Por aquel entonces, todavía era un chavalillo demasiado rural y algo bruto con los animales, como correspondía a los niños asilvestrados en aquellos tiempos de los años setenta, al estar exentos de otras diversiones que no fueran las de saquear nidos de pájaros en el campo. Pescabas, cogías cangrejos, ponías cepos o memorizabas todos los nidos que ibas descubriendo para envidia de los demás. Comentar el conocimiento de nidos de rapaces te daba un caché especial, con el que podías alardear sobradamente delante de tus amigos. Sé, que no era completamente ajeno a cierta pasión ejercida por todos los bichos que por el monte pululaban; sin embargo, tampoco era consciente del mal que les ocasionaba con mi conducta reprobable.
Un día ventoso de las casi siempre aguadas semanas santas y tras dos días consecutivos de llovizna intermitente e impertinente, coincidí en un refugio natural fruto de la erosión de un talud de tierra con un ave que conocía sobradamente, y que jamás vi con tanta emoción como en el momento señalado. Los latidos revolucionados me dejaron parado y con la respiración contenida, evité cualquier movimiento brusco que pudiera ahuyentar al ave agazapada y desbaratara por lo tanto aquel fantástico encuentro. Se trataba de una preciosa lechuza común, trémula y empapada. Su plumaje brillaba como la seda, y codiciaba mi mirada el color canela, gris y dorado de su dorso, junto al blanco puro de su zona ventral. Lucía tan agrisada, y canela incluso de cara, que parecía de la subespecie Tyto alba guttata de distribución europea. Todavía le quedaban filamentos del plumón de cría. Sus ojos, cien veces más sensibles que los del ser humano eran negros, negros como la profundidad de su mirada y, asistidos por unos oídos asimétricos ocultos entre el acorazonado disco facial compuesto de una pantalla de minúsculas plumas entrecruzadas; dichos oídos, estaban extraordinariamente capacitados para percibir cualquier sonido por muy bajo que éste fuera. El manto de plumas provistas de infinidad de filamentos con textura aterciopelada, le proporcionaban la insonoridad eficiente para sorprender a sus víctimas mediante un vuelo silencioso. Y, completaban el equipamiento excepcional sus extremidades posteriores, que eran largas y emplumadas hasta el nacimiento de los dedos, los cuales, terminaban en unas punzantes y perforadoras uñas mortales para sus presas y temibles para sus enemigos.

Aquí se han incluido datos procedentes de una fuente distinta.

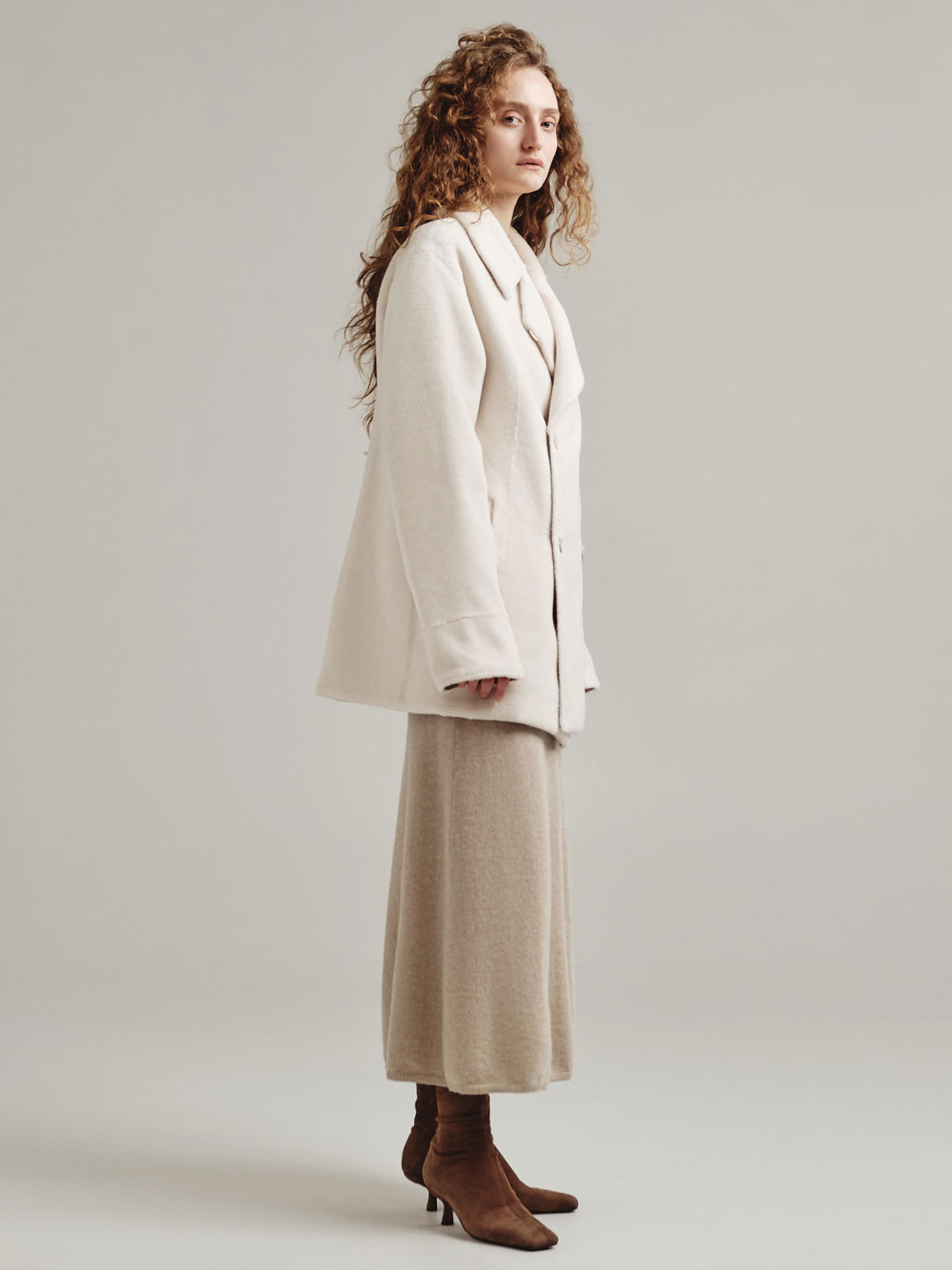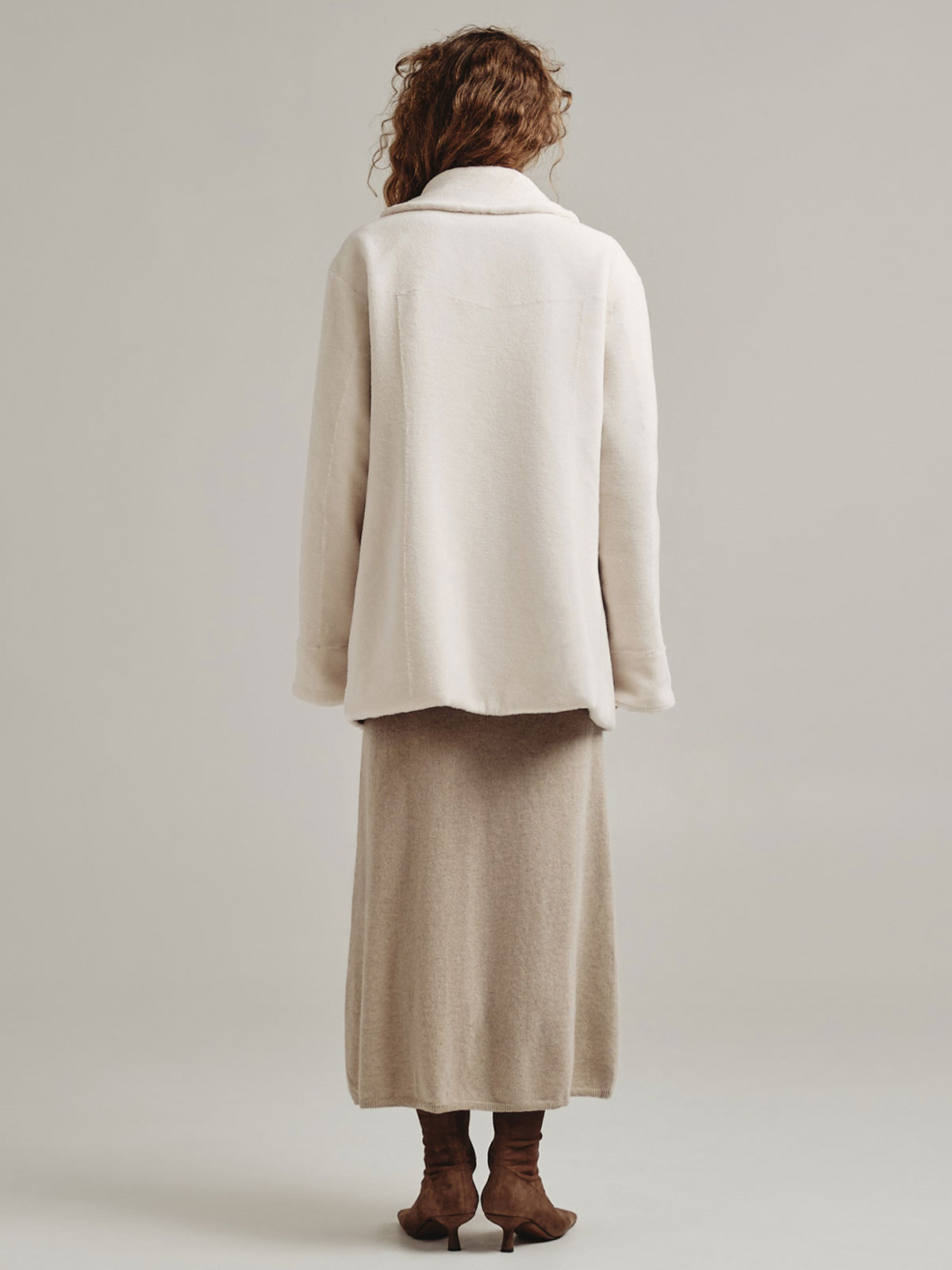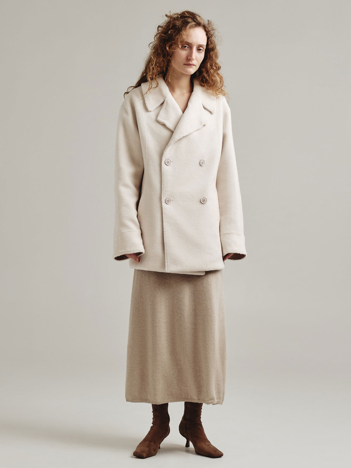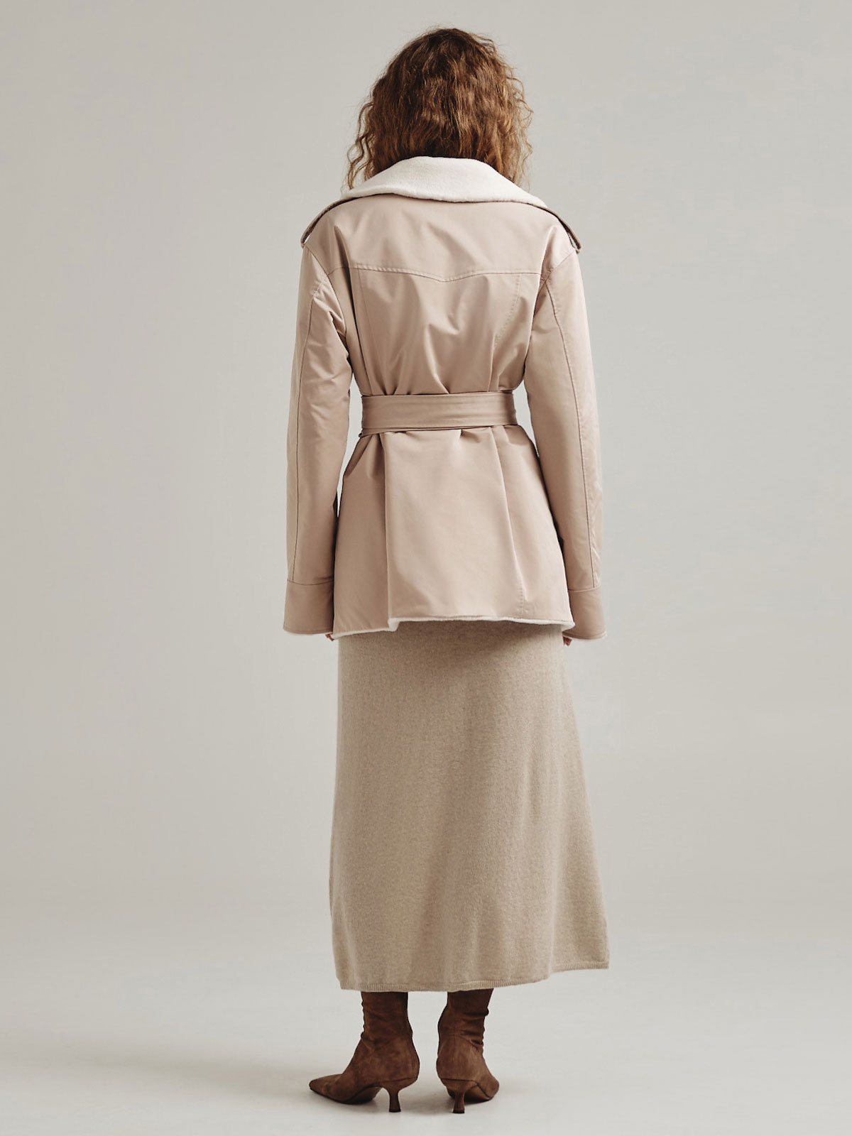 Двусторонняя модель из короткой тонкой шерсти отсылает к классическому тренчу, но представлена в виде легкой экошубы. Изделие дополнено авторским принтом MILAMARSEL с голубыми птицами.
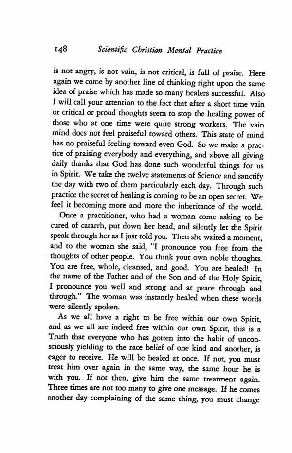 is not angry, is not vain, is not critical, is full of praise. Here again we come by another line of thinking right upon the same idea of praise which has made so many healers successful. Also I will call your attention to the fact that after a short time vain or critical or proud thoughts seem to stop the healing power of those who at one time were quite strong workers. The vain mind does not feel praiseful toward others. This state of mind has no praiseful feeling toward even God. So we make a practice of praising everybody and everything, and above all giving daily thanks that God has done such wonderful things for us in Spirit. We take the twelve statements of Science and sanctify the day with two of them particularly each day. Through such practice the secret of healing is coming to be an open secret. We feel it becoming more and more the inheritance of the world.
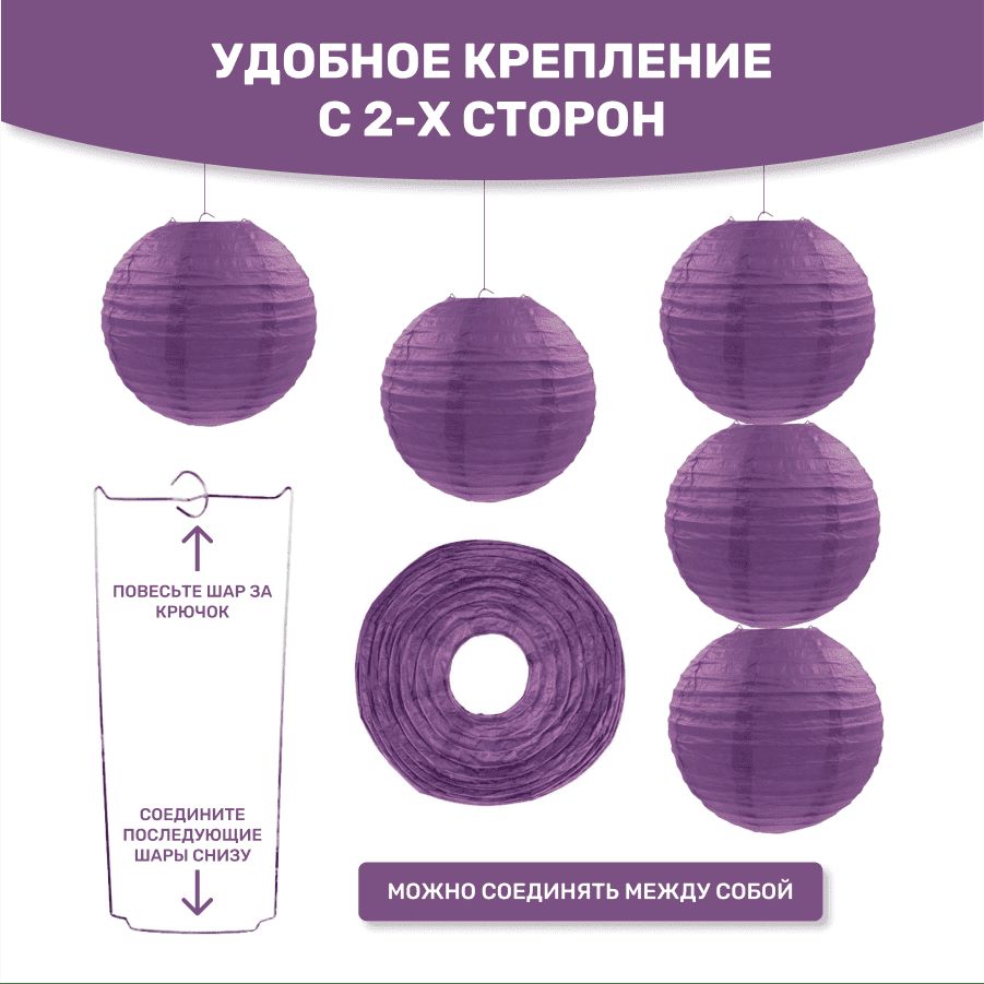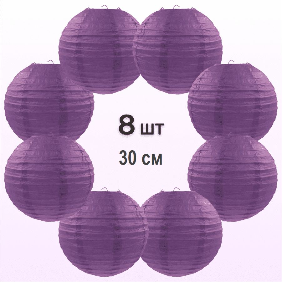 Комплект подвесные фонарики 30 см х 8 шт, фиолетовый
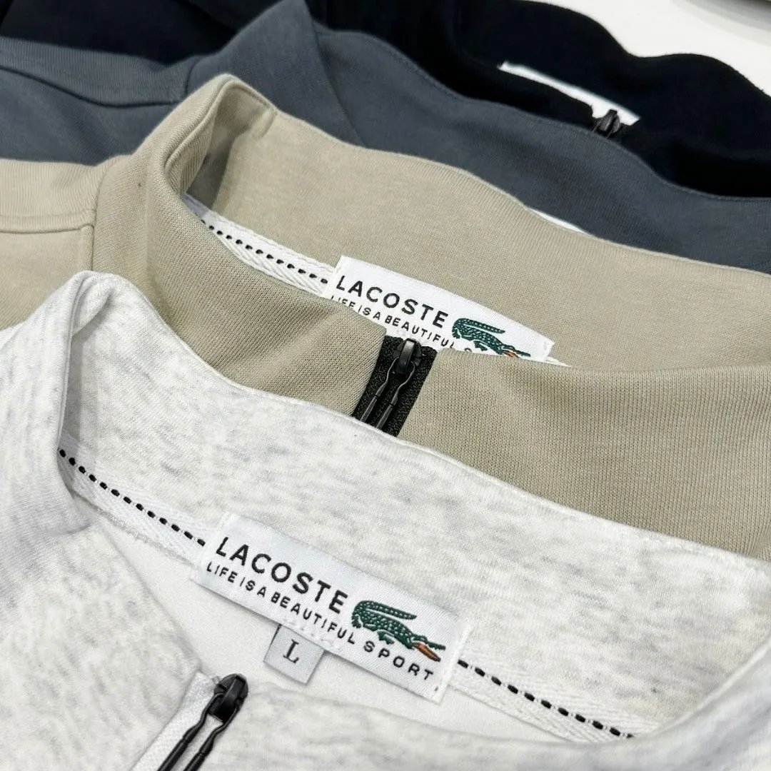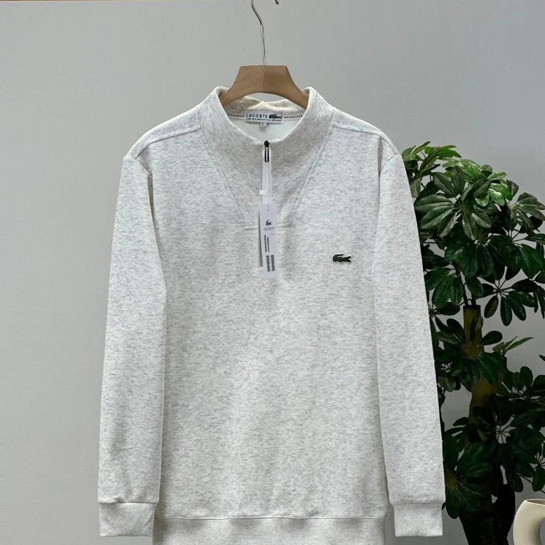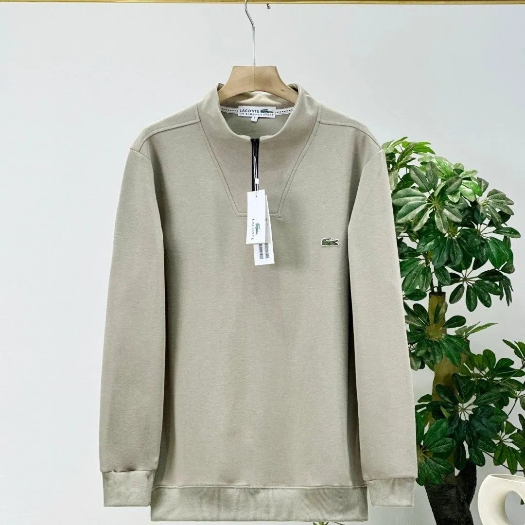 Elevate your casual wardrobe with this premium Lacoste half-zip sweatshirt in soft beige, featuring the iconic crocodile logo and ribbed cuffs for timeless comfort and style.

Toda esta serie de argumentos morfológicos extraídos de los libros de fauna, pasaban por mi cabeza cuando cogía a la desafortunada rapaz nocturna, compendio de todas las cualidades mencionadas. Por lo tanto, a partir de aquel momento mi concienciación fue instantánea, debido sobre todo a la atención urgente que el ave requería. Me impliqué y me responsabilicé definitivamente desde entonces eliminando de raíz aquellos deplorables hábitos anteriores.
Este recuerdo no pretende exponer solamente mi experiencia personal con una lechuza, sino algo mucho más importante; aprender de la lección imperecedera con que la vida me obsequió en ese preciso momento, para disponer a posteriori de lo estrictamente necesario.